(Items from a data source)
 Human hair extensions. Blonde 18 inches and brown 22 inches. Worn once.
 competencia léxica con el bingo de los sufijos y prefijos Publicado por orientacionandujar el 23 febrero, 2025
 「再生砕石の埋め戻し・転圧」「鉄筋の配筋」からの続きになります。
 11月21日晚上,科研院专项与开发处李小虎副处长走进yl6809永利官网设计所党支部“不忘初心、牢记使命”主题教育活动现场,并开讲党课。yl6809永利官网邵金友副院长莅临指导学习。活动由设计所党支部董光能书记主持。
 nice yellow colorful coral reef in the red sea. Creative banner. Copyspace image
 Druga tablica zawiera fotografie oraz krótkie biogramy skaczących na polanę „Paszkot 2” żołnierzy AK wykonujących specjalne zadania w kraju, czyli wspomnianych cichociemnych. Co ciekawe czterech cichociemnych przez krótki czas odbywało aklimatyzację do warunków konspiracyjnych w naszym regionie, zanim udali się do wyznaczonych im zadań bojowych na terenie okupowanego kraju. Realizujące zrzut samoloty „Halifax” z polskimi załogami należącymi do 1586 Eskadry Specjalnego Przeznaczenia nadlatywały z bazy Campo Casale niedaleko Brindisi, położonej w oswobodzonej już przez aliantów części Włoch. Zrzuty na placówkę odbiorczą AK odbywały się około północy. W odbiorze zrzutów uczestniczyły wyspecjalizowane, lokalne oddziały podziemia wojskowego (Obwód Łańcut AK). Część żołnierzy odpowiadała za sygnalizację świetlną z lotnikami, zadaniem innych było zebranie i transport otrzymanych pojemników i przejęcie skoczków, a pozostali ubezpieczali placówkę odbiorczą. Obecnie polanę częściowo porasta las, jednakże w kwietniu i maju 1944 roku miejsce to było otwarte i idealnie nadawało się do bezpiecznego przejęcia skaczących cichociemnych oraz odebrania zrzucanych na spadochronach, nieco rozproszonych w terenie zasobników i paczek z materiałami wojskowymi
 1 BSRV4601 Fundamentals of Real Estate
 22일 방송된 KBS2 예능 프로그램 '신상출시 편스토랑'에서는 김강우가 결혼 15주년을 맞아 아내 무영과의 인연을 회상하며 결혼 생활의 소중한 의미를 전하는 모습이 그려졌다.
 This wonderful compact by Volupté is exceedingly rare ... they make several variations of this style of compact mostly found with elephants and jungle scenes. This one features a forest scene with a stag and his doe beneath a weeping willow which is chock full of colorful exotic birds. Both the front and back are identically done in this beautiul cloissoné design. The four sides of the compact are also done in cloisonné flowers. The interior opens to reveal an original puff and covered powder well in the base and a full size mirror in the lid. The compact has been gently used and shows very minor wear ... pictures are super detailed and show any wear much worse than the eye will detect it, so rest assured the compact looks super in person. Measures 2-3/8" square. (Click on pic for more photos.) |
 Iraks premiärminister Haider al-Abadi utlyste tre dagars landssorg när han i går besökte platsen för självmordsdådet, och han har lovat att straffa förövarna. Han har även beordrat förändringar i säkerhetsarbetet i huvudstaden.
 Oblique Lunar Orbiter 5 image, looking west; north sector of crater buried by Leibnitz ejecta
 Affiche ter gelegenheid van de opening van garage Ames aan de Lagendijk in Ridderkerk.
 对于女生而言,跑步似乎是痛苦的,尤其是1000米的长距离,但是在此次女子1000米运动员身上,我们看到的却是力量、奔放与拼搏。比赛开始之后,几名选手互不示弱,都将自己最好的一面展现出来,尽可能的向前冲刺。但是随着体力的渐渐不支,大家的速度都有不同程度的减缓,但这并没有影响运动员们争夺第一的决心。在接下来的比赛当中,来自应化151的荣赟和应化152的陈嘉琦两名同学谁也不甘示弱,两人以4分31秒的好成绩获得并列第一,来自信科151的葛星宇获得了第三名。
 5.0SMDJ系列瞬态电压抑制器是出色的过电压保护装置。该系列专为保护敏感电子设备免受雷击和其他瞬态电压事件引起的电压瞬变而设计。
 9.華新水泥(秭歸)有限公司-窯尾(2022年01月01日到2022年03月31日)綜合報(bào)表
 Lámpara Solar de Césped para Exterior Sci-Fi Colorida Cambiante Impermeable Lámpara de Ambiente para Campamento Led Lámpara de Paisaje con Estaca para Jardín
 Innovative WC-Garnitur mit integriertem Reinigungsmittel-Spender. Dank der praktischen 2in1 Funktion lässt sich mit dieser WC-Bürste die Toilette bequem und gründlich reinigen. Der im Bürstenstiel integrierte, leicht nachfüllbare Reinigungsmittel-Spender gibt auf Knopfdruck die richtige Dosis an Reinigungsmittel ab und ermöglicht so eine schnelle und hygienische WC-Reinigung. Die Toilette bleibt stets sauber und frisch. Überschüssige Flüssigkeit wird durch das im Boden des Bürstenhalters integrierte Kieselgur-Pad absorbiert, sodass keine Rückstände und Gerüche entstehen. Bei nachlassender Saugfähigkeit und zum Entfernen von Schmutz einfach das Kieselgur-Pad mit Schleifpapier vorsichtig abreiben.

◆ PROBLEM STATEMENT:
Your output should match the records above word for word.

◆ YOUR RESPONSE:
 Human hair extensions. Blonde 18 inches and brown 22 inches. Worn once.
 competencia léxica con el bingo de los sufijos y prefijos Publicado por orientacionandujar el 23 febrero, 2025
 「再生砕石の埋め戻し・転圧」「鉄筋の配筋」からの続きになります。
 11月21日晚上,科研院专项与开发处李小虎副处长走进yl6809永利官网设计所党支部“不忘初心、牢记使命”主题教育活动现场,并开讲党课。yl6809永利官网邵金友副院长莅临指导学习。活动由设计所党支部董光能书记主持。
 nice yellow colorful coral reef in the red sea. Creative banner. Copyspace image
 Druga tablica zawiera fotografie oraz krótkie biogramy skaczących na polanę „Paszkot 2” żołnierzy AK wykonujących specjalne zadania w kraju, czyli wspomnianych cichociemnych. Co ciekawe czterech cichociemnych przez krótki czas odbywało aklimatyzację do warunków konspiracyjnych w naszym regionie, zanim udali się do wyznaczonych im zadań bojowych na terenie okupowanego kraju. Realizujące zrzut samoloty „Halifax” z polskimi załogami należącymi do 1586 Eskadry Specjalnego Przeznaczenia nadlatywały z bazy Campo Casale niedaleko Brindisi, położonej w oswobodzonej już przez aliantów części Włoch. Zrzuty na placówkę odbiorczą AK odbywały się około północy. W odbiorze zrzutów uczestniczyły wyspecjalizowane, lokalne oddziały podziemia wojskowego (Obwód Łańcut AK). Część żołnierzy odpowiadała za sygnalizację świetlną z lotnikami, zadaniem innych było zebranie i transport otrzymanych pojemników i przejęcie skoczków, a pozostali ubezpieczali placówkę odbiorczą. Obecnie polanę częściowo porasta las, jednakże w kwietniu i maju 1944 roku miejsce to było otwarte i idealnie nadawało się do bezpiecznego przejęcia skaczących cichociemnych oraz odebrania zrzucanych na spadochronach, nieco rozproszonych w terenie zasobników i paczek z materiałami wojskowymi
 1 BSRV4601 Fundamentals of Real Estate
 22일 방송된 KBS2 예능 프로그램 '신상출시 편스토랑'에서는 김강우가 결혼 15주년을 맞아 아내 무영과의 인연을 회상하며 결혼 생활의 소중한 의미를 전하는 모습이 그려졌다.
 This wonderful compact by Volupté is exceedingly rare ... they make several variations of this style of compact mostly found with elephants and jungle scenes. This one features a forest scene with a stag and his doe beneath a weeping willow which is chock full of colorful exotic birds. Both the front and back are identically done in this beautiul cloissoné design. The four sides of the compact are also done in cloisonné flowers. The interior opens to reveal an original puff and covered powder well in the base and a full size mirror in the lid. The compact has been gently used and shows very minor wear ... pictures are super detailed and show any wear much worse than the eye will detect it, so rest assured the compact looks super in person. Measures 2-3/8" square. (Click on pic for more photos.) |
 Iraks premiärminister Haider al-Abadi utlyste tre dagars landssorg när han i går besökte platsen för självmordsdådet, och han har lovat att straffa förövarna. Han har även beordrat förändringar i säkerhetsarbetet i huvudstaden.
 Oblique Lunar Orbiter 5 image, looking west; north sector of crater buried by Leibnitz ejecta
 Affiche ter gelegenheid van de opening van garage Ames aan de Lagendijk in Ridderkerk.
 对于女生而言,跑步似乎是痛苦的,尤其是1000米的长距离,但是在此次女子1000米运动员身上,我们看到的却是力量、奔放与拼搏。比赛开始之后,几名选手互不示弱,都将自己最好的一面展现出来,尽可能的向前冲刺。但是随着体力的渐渐不支,大家的速度都有不同程度的减缓,但这并没有影响运动员们争夺第一的决心。在接下来的比赛当中,来自应化151的荣赟和应化152的陈嘉琦两名同学谁也不甘示弱,两人以4分31秒的好成绩获得并列第一,来自信科151的葛星宇获得了第三名。
 5.0SMDJ系列瞬态电压抑制器是出色的过电压保护装置。该系列专为保护敏感电子设备免受雷击和其他瞬态电压事件引起的电压瞬变而设计。
 9.華新水泥(秭歸)有限公司-窯尾(2022年01月01日到2022年03月31日)綜合報(bào)表
 Lámpara Solar de Césped para Exterior Sci-Fi Colorida Cambiante Impermeable Lámpara de Ambiente para Campamento Led Lámpara de Paisaje con Estaca para Jardín
 Innovative WC-Garnitur mit integriertem Reinigungsmittel-Spender. Dank der praktischen 2in1 Funktion lässt sich mit dieser WC-Bürste die Toilette bequem und gründlich reinigen. Der im Bürstenstiel integrierte, leicht nachfüllbare Reinigungsmittel-Spender gibt auf Knopfdruck die richtige Dosis an Reinigungsmittel ab und ermöglicht so eine schnelle und hygienische WC-Reinigung. Die Toilette bleibt stets sauber und frisch. Überschüssige Flüssigkeit wird durch das im Boden des Bürstenhalters integrierte Kieselgur-Pad absorbiert, sodass keine Rückstände und Gerüche entstehen. Bei nachlassender Saugfähigkeit und zum Entfernen von Schmutz einfach das Kieselgur-Pad mit Schleifpapier vorsichtig abreiben.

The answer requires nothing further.